You could pass on Magical Meow Meow Taruto, but I’m not sure why you would – it’s a great series. Taruto is a cat who has some innate skill with magic, but is unable to fully control it or her wild imagination.
As the series opens, Taruto moves with her family, especially her master, Iori. After using a bit of magic, there’s a lot of controversy over the possibility that she may be a legendary princess of the Kinka, rumored to have great power but exiled from her homeland when it was toppled by a rival nation, the Byoh.
The cats in this series are kind of interesting – they’re portrayed like humans, with their short height, pointy ears, and tails being the only immediately obvious physical differences that we see. However, for the most part, humans don’t understand what the cats are saying. Since Taruto doesn’t seem to realize this herself, it makes for some funny scenes.
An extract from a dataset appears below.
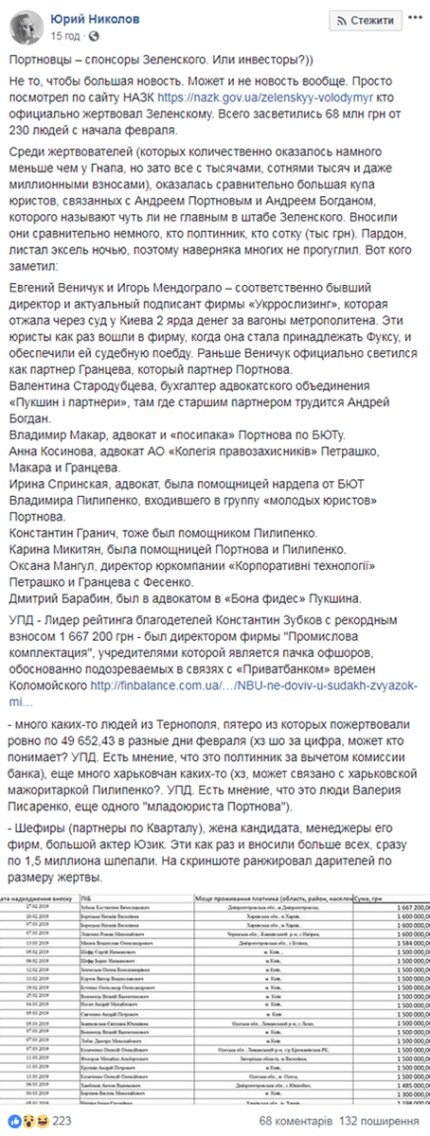 «Портновці - спонсори Зеленського. Або інвестори? Подивився по сайту НАЗК, хто офіційно жертвував Зеленському. Всього засвітилися 68 млн грн від 230 людей з початку лютого. Серед жертводавців, виявилася порівняно велика купа юристів, пов'язаних з Андрієм Портновим та Андрієм Богданом, якого називають чи не головним у штабі Зеленського. Вносили вони хто полтинник, хто сотку (тис. грн)», - повідомив Ніколов.
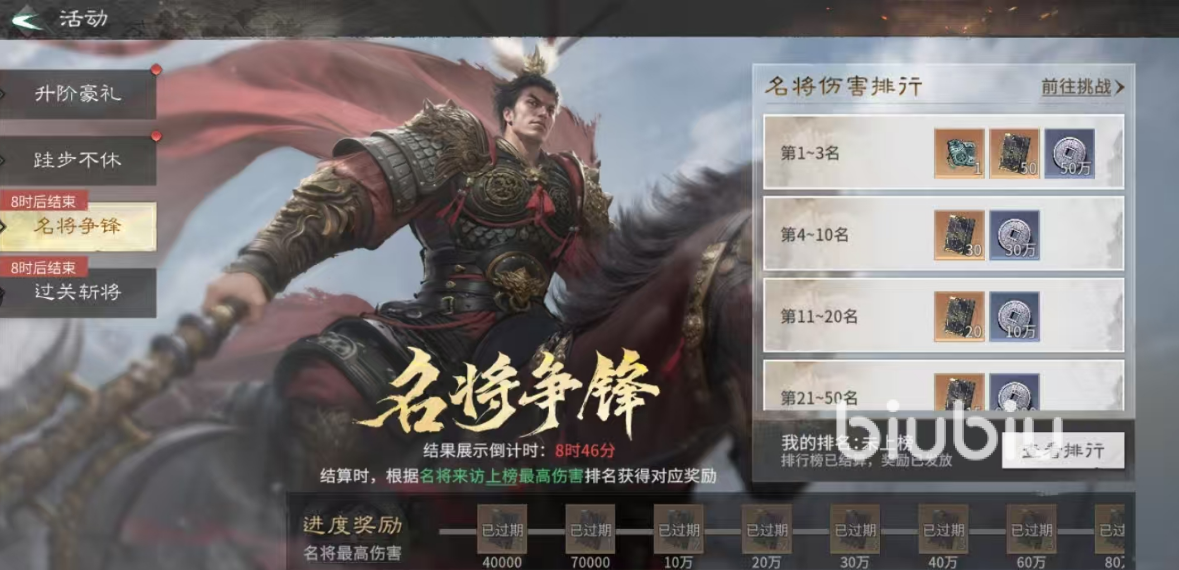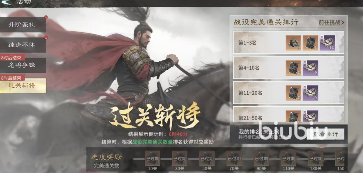 “过关斩将”为高完成度导向的副本挑战活动。达成完美通关(全员存活+时间达标)后,全服排名前3的玩家可获得限定武将皮肤及10个限定道具、50本技能书;皮肤不仅具备视觉辨识度,还可提升武将基础属性。第4至第10名则获得8个限定道具与30本技能书,有效支撑核心武将的关键突破节点。建议玩家复盘未获完美评价的历史关卡,动态调整阵容搭配与操作节奏,逐步逼近榜单前列。

I initially thought that Taruto was strictly a kid’s show based on the 7 and up icon on the box of the first DVD and the series’s own hypercute style. Nonetheless, Taruto isn’t so predictable that it’s unenjoyable for an adult – on the other hand, the series becomes progressively more detailed and complex. Characters that are initially portrayed as silly wannabe villians, Chips and Nachos, actually have sophisticated motives for at least some of their actions, and real villians appear, bent on Taruto’s personal destruction. In the end, almost everything is put back as it belongs.
One episode in particular of Taruto struck me as incredibly deep and sad. A wild cat wanders into Taruto’s city; we learn that when he was young, he lived in a tropical forest, but was taken in by a researcher and his pet cat. Later, he embarked on a quest to go to the place the researcher came from – the “Big Candy Apple” in the east (very obviously the U.S.) The quest has consumed nearly his entire life, and the other characters doubt that he will ever reach his destination. Believe it or not, there is a hint of a resolution to this story in the ending credit to the final episode, but no definite answers.